I am going to play around with some Google Trends data published by their News Lab. This is a pretty cool thing they do that is apparently targeted at training journalists to use Google data more effectively.
Download Data & Separate
google_dat <- read_csv("https://raw.githubusercontent.com/googletrends/data/master/Search_Data_US_Congressional_District_04Nov2018.csv")

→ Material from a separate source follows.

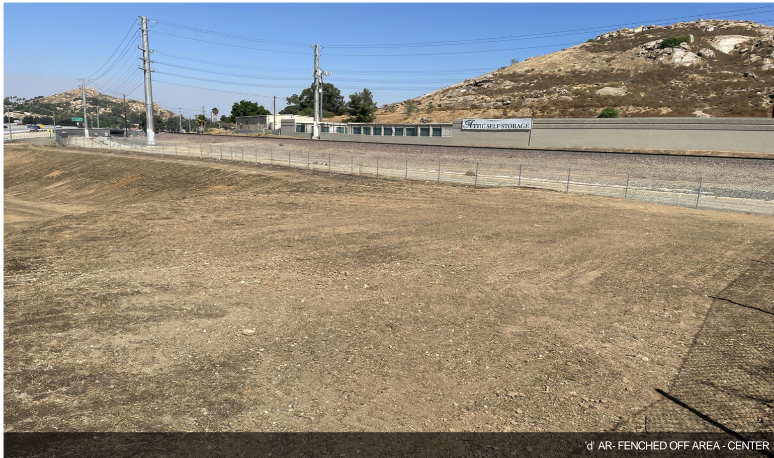
'd' AR- FENCED OFF AREA - CENTER

google_dat_rankings <- google_dat %>%
select(1:13) %>%
gather("ranking", "issue", 4:13) %>%
filter(State == "NC") %>%
mutate(CD115FP = str_remove_all(Code, "[A-Za-z-]+")) %>%
mutate(ranking = str_to_title(ranking))
google_dat_issues <- google_dat %>%
select(1:3, 14:142) %>%
gather("other_issue", "search_freq", 4:132) %>%
filter(State == "NC") %>%
mutate(CD115FP = str_remove_all(Code, "[A-Za-z-]+"))
Top Ranked Issues For NC
google_dat_rankings %>%
group_by(ranking, issue) %>%
summarise(total = n()) %>%
ungroup() %>%
filter(ranking == "First") %>%
kableExtra::kable() %>%
kableExtra::kable_styling(bootstrap_options = c("striped", "hover"), full_width = F, position = "left")
ranking | issue | total |
---|---|---|
First | Common core | 1 |
First | Health care | 12 |
Congressional Districts Polygons
districts <- tigris::congressional_districts()

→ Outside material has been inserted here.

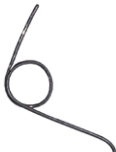
60124 S - Springs Suitable for a range of archive Barton and other manufacturers winches.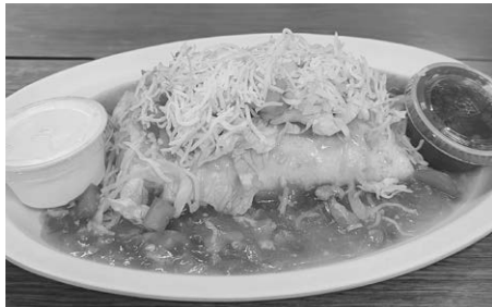
Lucy's Place green chile is a great addition to a burrito.

As you wind your way along the South Platte River Valley, Lucy's Place awaits atop a hill, offering not only a respite for the weary traveler but also a feast for the senses. The scenic views overlook the valley and create a serene backdrop for a dining experience that transports you back to a simpler time.

districts_sf <- districts %>%
st_as_sf() %>%
filter(STATEFP == "37")
plot(districts_sf["CD115FP"])
Labels & Health Care Map
I will at least explain here that the first thing I am doing is creating a tibble of the centroids of the congressional district polygons. I am doing this so I can throw some labels on my map as points of reference.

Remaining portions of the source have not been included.